Hi,
In my setup of Elasticsearch cluster version 6.8 i've had big problems with handling the huge amount of indices and shards related to this.
We use a frontend application from a third-party vendor so we have very limited settings to apply to our templates for all the indices.
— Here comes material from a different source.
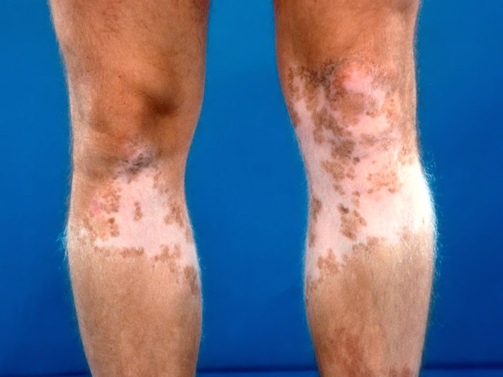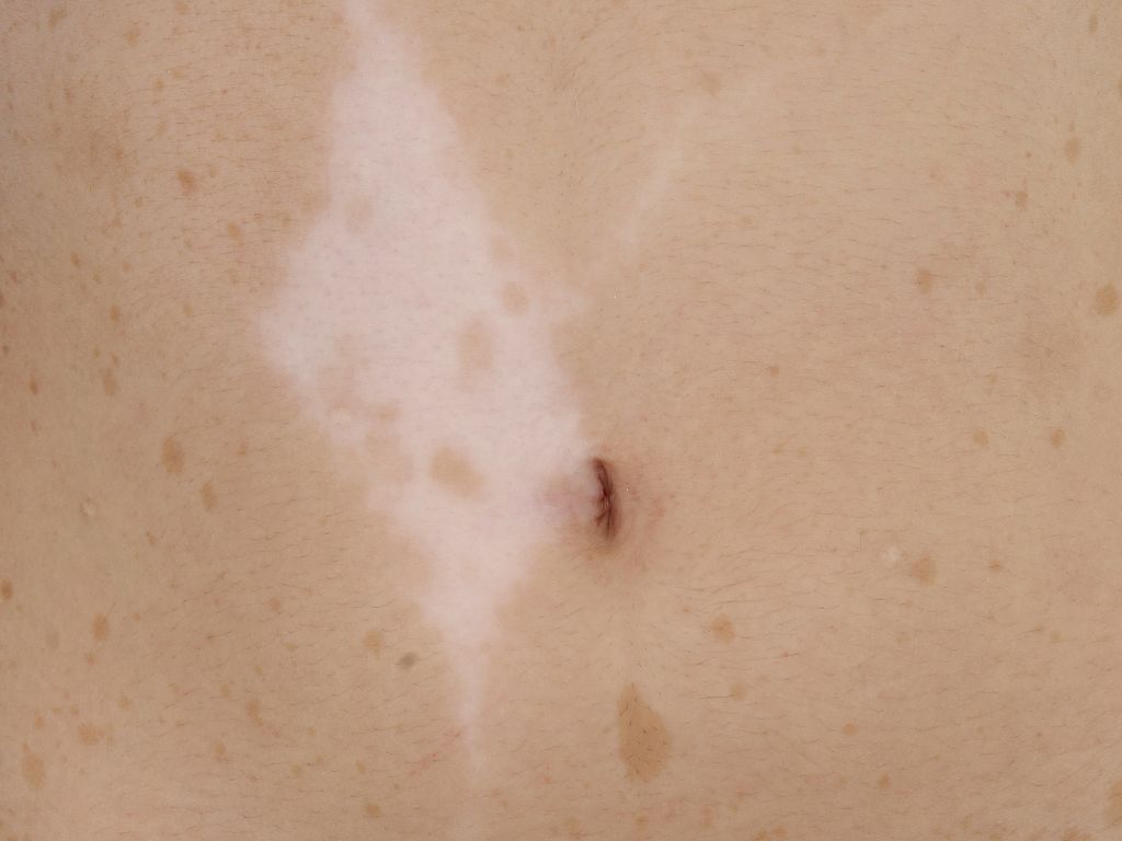 WHAT IS PIEBALDISM?Piebaldism is a skin condition characterized by white patches of varying size and shape on the body. The hair can also be completely white in patches (white locks). Piebaldism is a congenital skin condition; it's present from birth. It's also hereditary; it can run in families. The white patches in piebaldism resemble vitiligo, another skin condition with white patches. However, piebaldism is present from birth, while vitiligo develops later in life.HOW DOES PIEBALDISM OCCUR?People with piebaldism have a defect in a specific part of their genetic material (the C-KIT gene, located on chromosome 4q12). This genetic defect causes a protein that is responsible for the distribution of pigment cells throughout the body to be missing. Pigment production by pigment cells begins very early, even before birth. This is why the white patches are visible immediately after birth.WHAT DOES PIEBALDISM LOOK LIKE?Irregular white patches are present from birth. These patches are completely devoid of pigment. They are most common on the knees and elbows, chest, abdomen, and central forehead, and are often triangular in shape. The presence of a white lock of hair on the front of the head is very characteristic of piebaldism and sometimes even the only symptom. In fair skin tones, the patches may not be noticeable at birth. In addition to white patches, darker colored patches may also appear, which can be located either within the white patches or at the edges of them. The patches do not change shape, and no new white patches appear after birth.

Every day we create about 10 indices with 3 shards each. Some indices are bigger like 50GB whilst the smallest ones are just a few hundred MB. Unfortunately we cannot have different shard settings for the different indices without interfering with the application itself.
I want to add that in the beginning we used 10 shards per index and 1 replica.. later on 5 shards and since a week we have configured 3 shards per index. (because of instructions from our third party application)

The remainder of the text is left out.